Colloquially, this means equality of odds is satisfied if we are correctly predicting both outcomes — the positive cases and the negative cases — at equivalent rates across the protected class.
Take a common use case in ecommerce: predicting lifetime value (LTV). Let’s assume there are only two values for LTV — high and low. If the proportion of high spenders correctly predicted with high LTV, or the proportion of low spenders correctly predicted with low LTV, is greater for one gender over another, equality of odds is not satisfied. Uncorrected this can lead to downstream pricing discrimination. For example, offering discounts proportional to a user’s predicted LTV, when equality of odds is not satisfied, can result in users of two different genders receiving different discounts even if their rate of spending was the same.
Equality of opportunity is a more relaxed measure for predictive fairness. It is when a predictive analysis has an equal false negative rate for each group in a protected attribute. False negatives, for context, are the proportion of actual positive data points that are predicted negative.
Colloquially, this means equality of opportunity can be satisfied if we are correctly predicting just the positive cases, at equivalent rates across the protected class.
Back to our ecommerce example: If the proportion of high spenders incorrectly predicted as having low LTV is greater for one gender over another, equality of opportunity is not satisfied. But the opposite case — unequal prediction rates of low spending users — would not violate equality of opportunity as it only cares about the positive class.
The question of which measure to use — equality of opportunity where only the positive cases matter versus equality of odds where both positive and negative cases matter — will depend on the application. In the above example, if both high and low spending users may receive discounts, equality of odds is more prudent. But if only high spending users may receive discounts, only the positive cases matter, and equality of opportunity may be sufficient.

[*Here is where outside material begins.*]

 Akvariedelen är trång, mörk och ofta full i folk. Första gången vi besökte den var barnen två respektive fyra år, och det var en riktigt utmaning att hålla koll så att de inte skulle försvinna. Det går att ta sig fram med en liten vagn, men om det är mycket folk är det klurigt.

If predictive fairness is focusing on the algorithm of an analysis, social fairness is about the underlying data. Even if an algorithm is predictively fair, it may give results that perpetuate a system of inequality that exists in our society, and are represented in the historical data we use to train a predictive algorithm or analysis.

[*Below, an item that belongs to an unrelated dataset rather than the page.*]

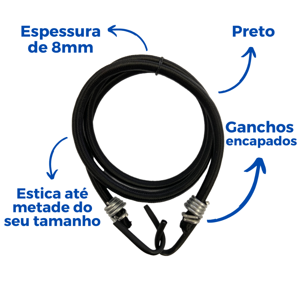 Envio rápido, despachamos seu produto em até 8h úteis; - Resistencia de 7kg; - Estica em até 50% da sua metragem original; - Há mais de 20 anos no mercado; - Ganchos exclusivos Tok Elásticos; - Ideal para ser utilizado em carros, motos, entre outros; - Compre mais de R$79,00 em produtos Tok Elásticos e você recebe frete grátis; INFORMAÇÕES TÉCNICAS Marca: Tok Elásticos Modelo: Elástico Grosso – Gancho de Ferro/Plástico Aplicação: Para fixação de bagageiros e cargas em geral Indicação: Para fixação de bagageiros e cargas em geral Fabricante: Tok Elásticos Material/Composição: Borracha e Polipropileno Conteúdo da embalagem: 01 unidade de Elástico Grosso Dimensões do produto - cm (AxLxP): 05x20x30 Peso líq. aproximado do produto (kg): 1,50 Cores: Preto Espessura: 8mm *Não nos responsabilizamos pelo uso incorreto ou instalação inadequada;
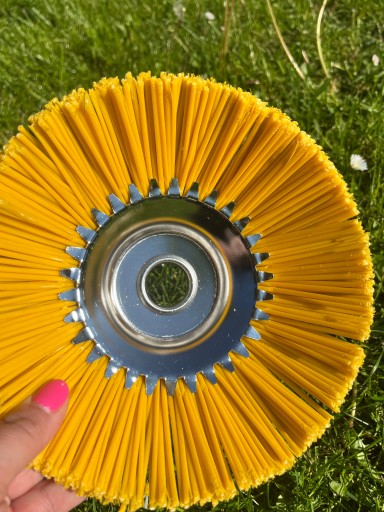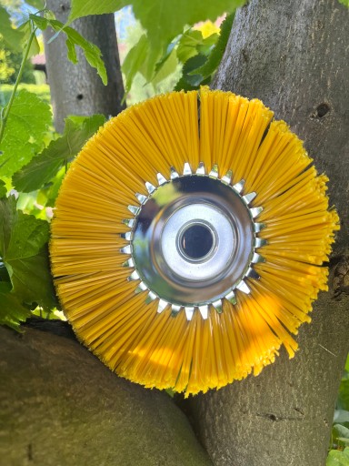 - Tarcza szczotkowa z wysokiej jakości nylonu odpornej na obciążenia siły odśrodkowej oraz bardzo wysokie obroty dochodzące nawet do 10 tys/min.

One of the common measurements for social fairness is
demographic parity. This means that every group in the protected attribute has an equal probability of getting a positive outcome from the prediction. Colloquially, this means demographic parity is satisfied if the rate of the positive outcome is representative of the demographic proportions of the population.
For example, if 18% of high spenders were people of one gender, then demographic parity would be satisfied if 18% of users predicted with high LTV were people of that gender. In turn, this would ensure that downstream the percentage of discounts offered to each gender is proportional to their representation in the population.
Note, ensuring demographic parity does not necessarily ensure predictive fairness, and vice versa. Take for instance this
study on predicting college admission rates based on historical graduation rates. As the underlying data itself indicated that graduation rates were higher for white students than Black students, a predictively fair algorithm would give white prospects a higher predicted score for admission than Black students.
This seems unfair of course. Because the social context and historical system of oppression cannot be easily represented as data inputs, a predictively fair algorithm that satisfies equalized odds and opportunity can still lack social fairness.
So how do you ensure predictive fairness and social fairness in analytics?
The solutions to these problems can be tricky, given the tradeoffs between ensuring equality versus parity. Below we cover a couple approaches in broad detail — feature blinding, objective function modification, adversarial classification, and thresholding. In future posts, we plan to detail the exact methodologies we leverage at Amplitude.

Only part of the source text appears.